## Your task
Leave out the pictures and print precisely the lines from the line with "Пропавшую девочку-подростка из" to the final line of the entries, both ends included.

(Records from a data source)
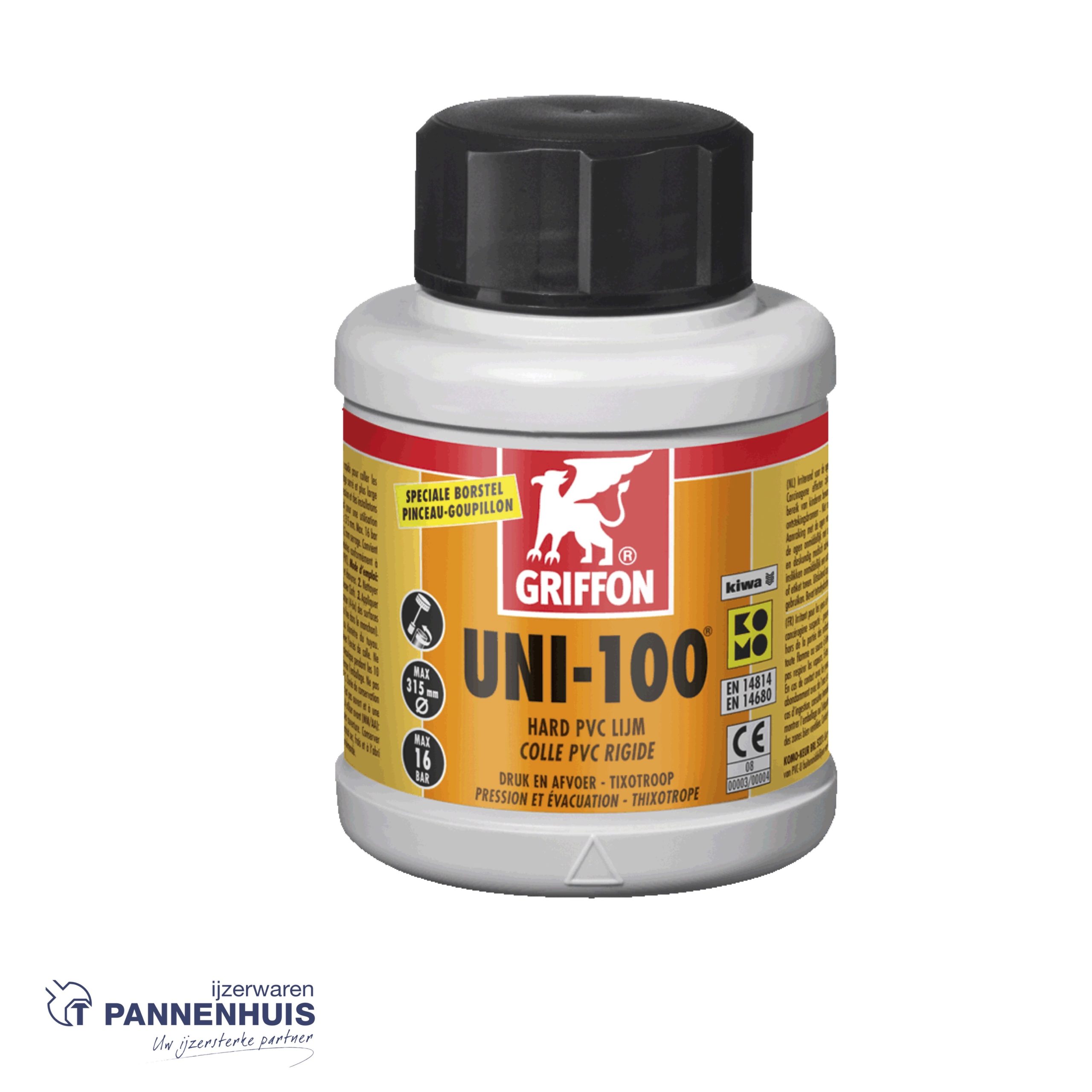 1. Buizen haaks afzagen, afschuinen en ontbramen. 2. Lijmoppervlakken reinigen met Griffon Cleaner en Cleaner Cloth. 3. Lijm snel en gelijkmatig rondom (4-6x) aanbrengen op beide lijmvlakken (buis dik, mof dun). 4. Verbinding direct monteren. Overtollige lijm verwijderen. Verbinding eerste 10 minuten niet mechanisch belasten. Na gebruik verpakking direct goed sluiten.
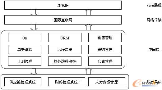 中間層:是實現具體的應用功能的層次,包括銷售、采購、倉儲管理、遠程審批/監(jiān)控/決策等;
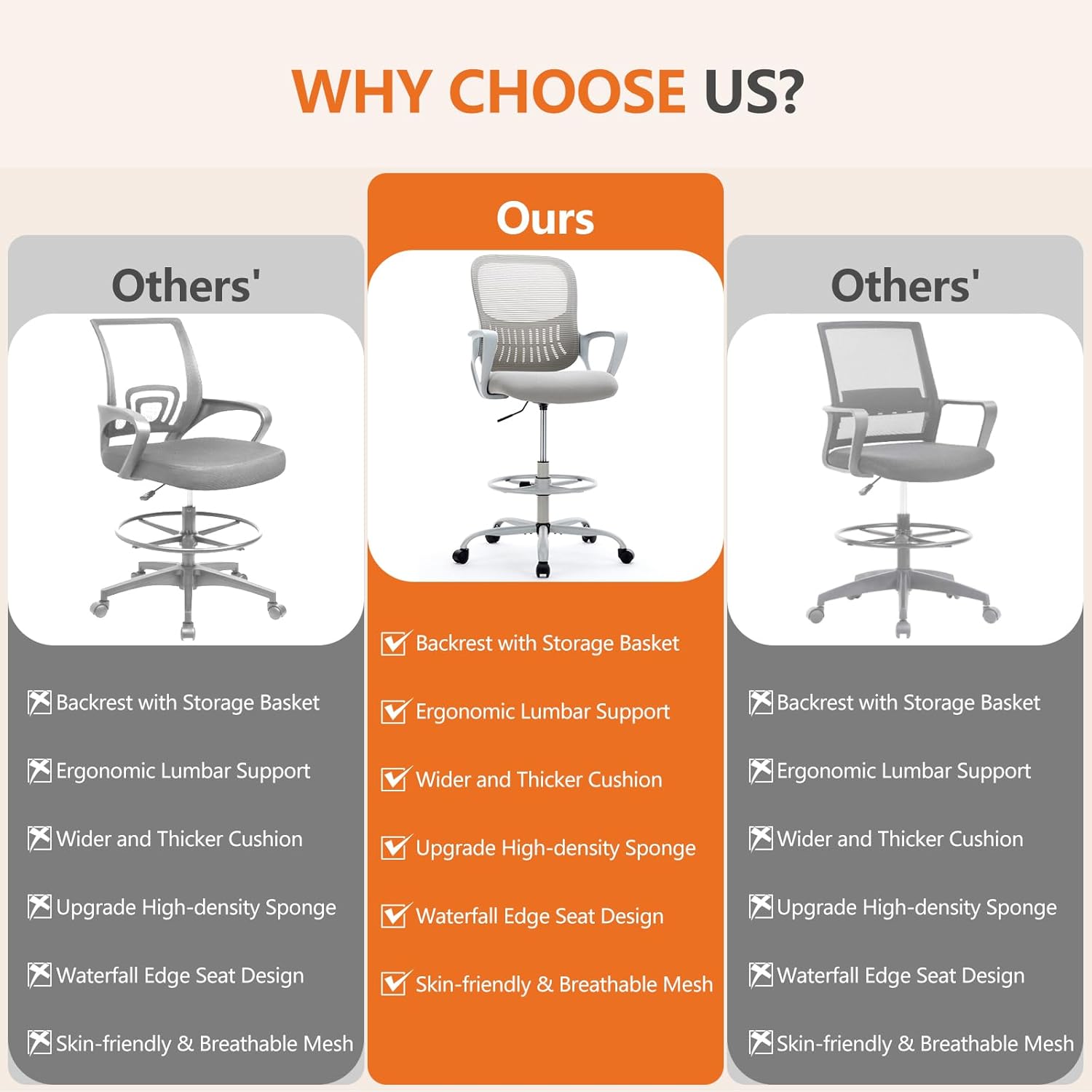 - ✓ practical buyers who want ergonomic drafting basics , lumbar, mesh, footrest , while keeping things practical
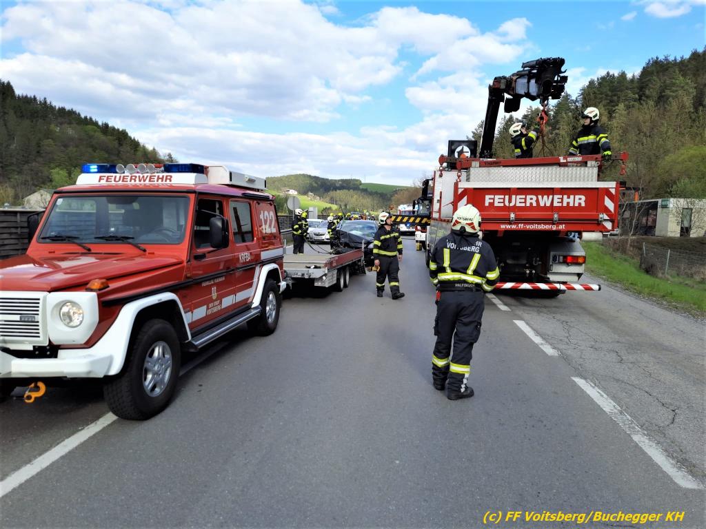 Die Freiwilligen Feuerwehren Krems und Voitsberg wurden am Donnerstag, den 28.04.2022 um 16:35 Uhr zu einem schweren Verkehrsunfall mit 3 Fahrzeugen und einer eingeklemmten Person auf der B70 Umfahrung Voitsberg Höhe der Tankstelle alarmiert. Am Einsatzort stellte sich heraus, dass sich keine Person mehr im Fahrzeug befand.
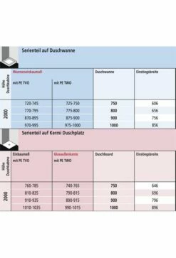 Eine Duschkabine im Standardmaß wird immer kürzer als angegeben gefertigt, z. B. ca. 860 mm statt 900 mm. Fordern Sie vor der Bestellung Ihren passenden Fliesenspiegel an.
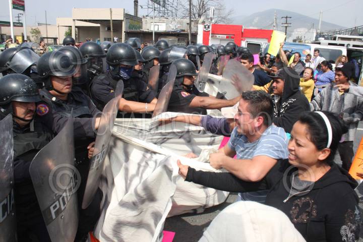 MONTERREY, NUEVO LEÓN, 17FEBRERO2009.- Por sexta ocasión en poco más de una semana y por alrededor de tres horas, los "Tapa calles" bloquearon importantes avenidas de la ciudad, ocasionando disturbios en la vía pública y provocando caos vial. Elementos de la policía estatal, y de la policía federal preventiva realizaron operativos para desbloquear las calles utilizando tanquetas lanza agua y realizaron detenciones. Declaraciones del gobernador de la entidad, señala que estos manifestante los patrocina el crimen organizado para meter presión y así se terminen los operativos militares. FOTO: PEDRO KRISTIAN LOPEZ/CUARTOSCURO.COM
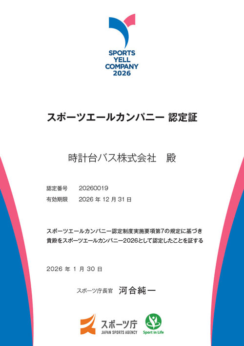 弊社は、スポーツの実施に向けた積極的な取組みを行っている企業として、スポーツ庁より「スポーツエールカンパニー2026」に認定されました。
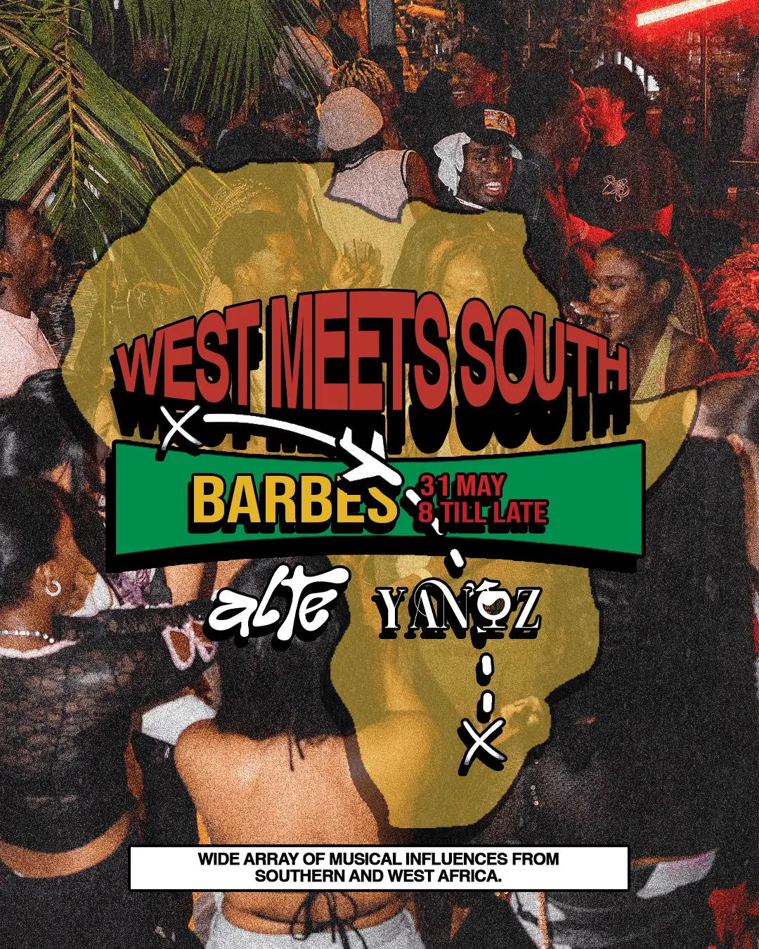 The contemporary new wave of alternative, genre-bending, and creative afro-fusion music is coming to Perth for the “WEST MEETS SOUTH” a collaboration between alté and yanoz.a wide array of musical influences from southern and west africa.we have handpicked some of best sound selectors in town to blend these sounds
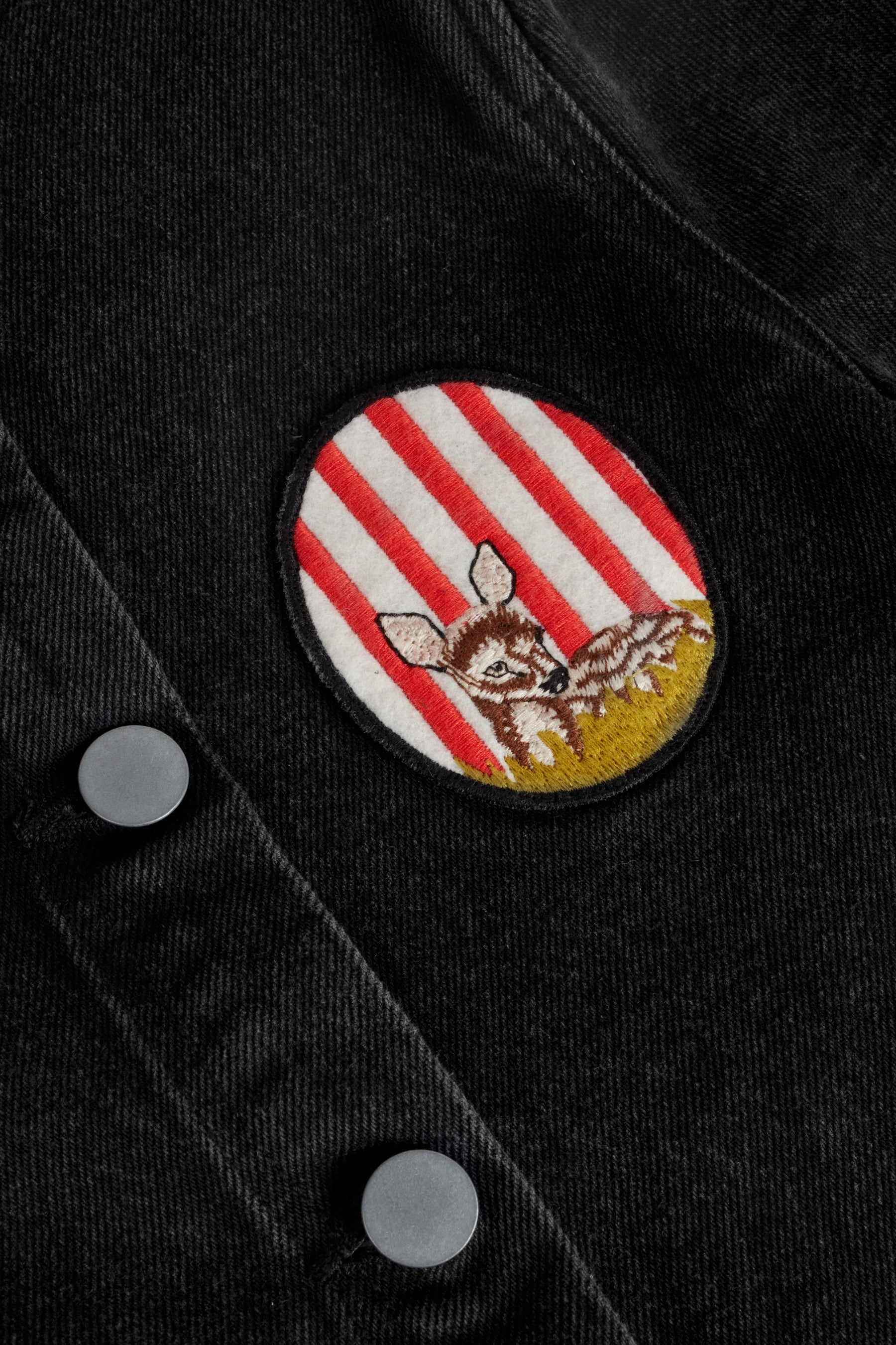 Stone washed denim jacket with frilled bottom, raw hems, side pocket, patch and front buttons
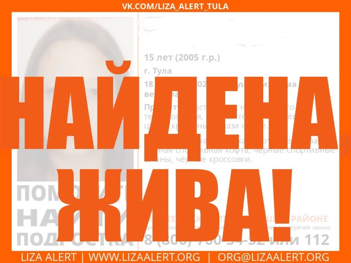Пропавшую девочку-подростка из Тулы нашли. Об этом стало известно поздним вечером 20 октября.
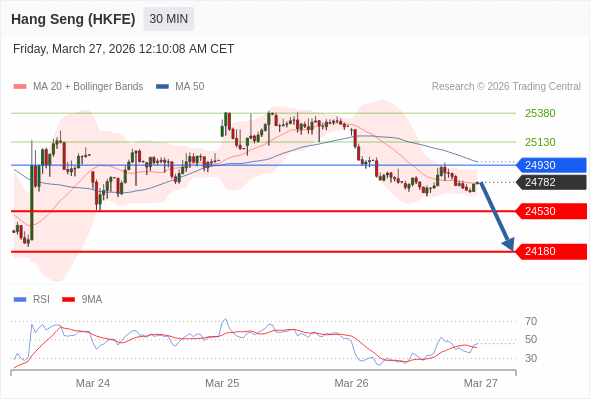 在 24930 之下,看跌,目标价位为 24530 ,然后为 24180 。
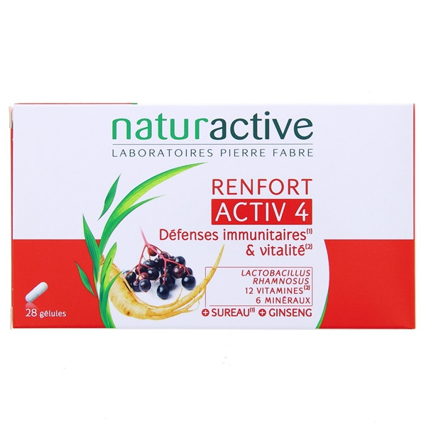 Boîte de 28 gélules, le Sureau, le Ginseng, les vitamines et les minéraux contenus dans Activ 4 Renfort du laboratoire Naturactive agissent sur le bon fonctionnement des défenses immunitaires, la fatigue et la vitalité. Les vitamines, le manganèse et le fer qu'il contient participent au maintien d'un métabolisme énergétique normal. Les autres composants du produit renforcent la protection des cellules contre le stress oxydatif.
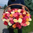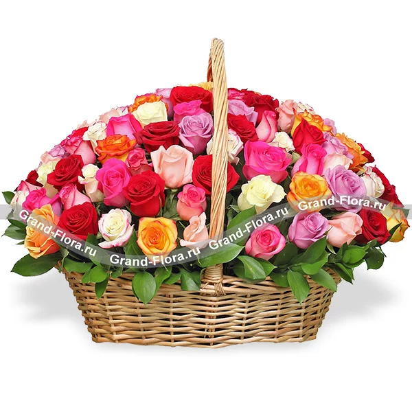 Роза ассорти - 101 шт., рускус - 10 шт., оазис, корзина большая.

## Reply
Пропавшую девочку-подростка из Тулы нашли. Об этом стало известно поздним вечером 20 октября.
 在 24930 之下,看跌,目标价位为 24530 ,然后为 24180 。
 Boîte de 28 gélules, le Sureau, le Ginseng, les vitamines et les minéraux contenus dans Activ 4 Renfort du laboratoire Naturactive agissent sur le bon fonctionnement des défenses immunitaires, la fatigue et la vitalité. Les vitamines, le manganèse et le fer qu'il contient participent au maintien d'un métabolisme énergétique normal. Les autres composants du produit renforcent la protection des cellules contre le stress oxydatif.
 Роза ассорти - 101 шт., рускус - 10 шт., оазис, корзина большая.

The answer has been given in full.